# Sentiment Analysis

## Sentiment analysis with NLTK

In [17]:
# If the cell below returns an error,
# uncomment the following to lines and execute this cell

# import nltk
# nltk.download('vader_lexicon')

In [18]:
from nltk.sentiment import SentimentIntensityAnalyzer as SIA
sia = SIA()

In [19]:
s = 'The lazy programmer jumps over the quick brown fox jumps over the lazy programmer jumps over the fire fox.'
sia.polarity_scores(s)

{'neg': 0.316, 'neu': 0.684, 'pos': 0.0, 'compound': -0.7506}

In [20]:
s = 'The enthusiastic programmer jumps over the quick brown fox jumps over the happy programmer jumps over the overjoyed fire fox.'
sia.polarity_scores(s)

{'neg': 0.083, 'neu': 0.552, 'pos': 0.366, 'compound': 0.8481}

`neg` + `neu` + `pos` = 1.0

`compound` varies between `-1` and `+1`.

In [21]:
res = sia.polarity_scores(s)
type(res)

dict

The data returned from `poarity_scores` is a **dictionary** (dict).

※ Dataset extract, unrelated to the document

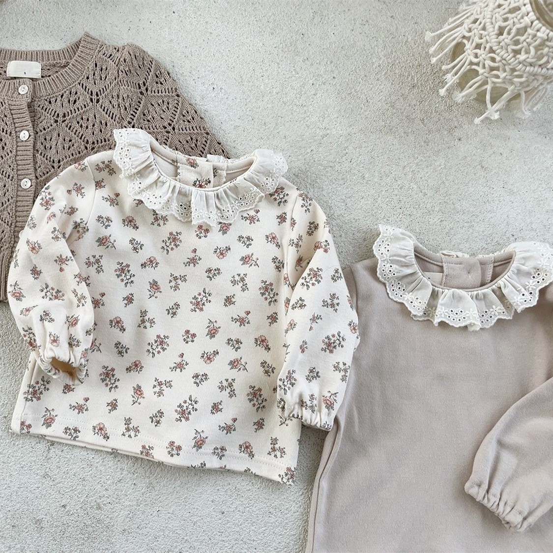 한국 스타일 아동복 아기 봄과 가을 면 부드러운 레이스 칼라 꽃 단색 베이스 셔츠 티셔츠 아기 모든 일치 코튼 탑

More on [dictionaries](./dictionaries.ipynb).

In [23]:
# Access an element of a dictionary:
print(res['pos'])

0.366


## Sentiment analysis with TextBlob

In [10]:
from textblob import TextBlob

In [11]:
s = 'The lazy programmer jumps over the quick brown fox jumps over the lazy programmer jumps over the fire fox.'
blob = TextBlob(s)
print(blob.sentiment)

Sentiment(polarity=-0.05555555555555556, subjectivity=0.8333333333333334)


In [16]:
s = 'The enthusiastic programmer jumps over the quick brown fox jumps over the happy programmer jumps over the overjoyed fire fox.'
blob = TextBlob(s)
print(blob.sentiment)
print(blob.sentiment.polarity)

Sentiment(polarity=0.5777777777777778, subjectivity=0.7999999999999999)
0.5777777777777778


## Hugging Face

### Installation

[Docs](https://huggingface.co/docs/transformers/installation)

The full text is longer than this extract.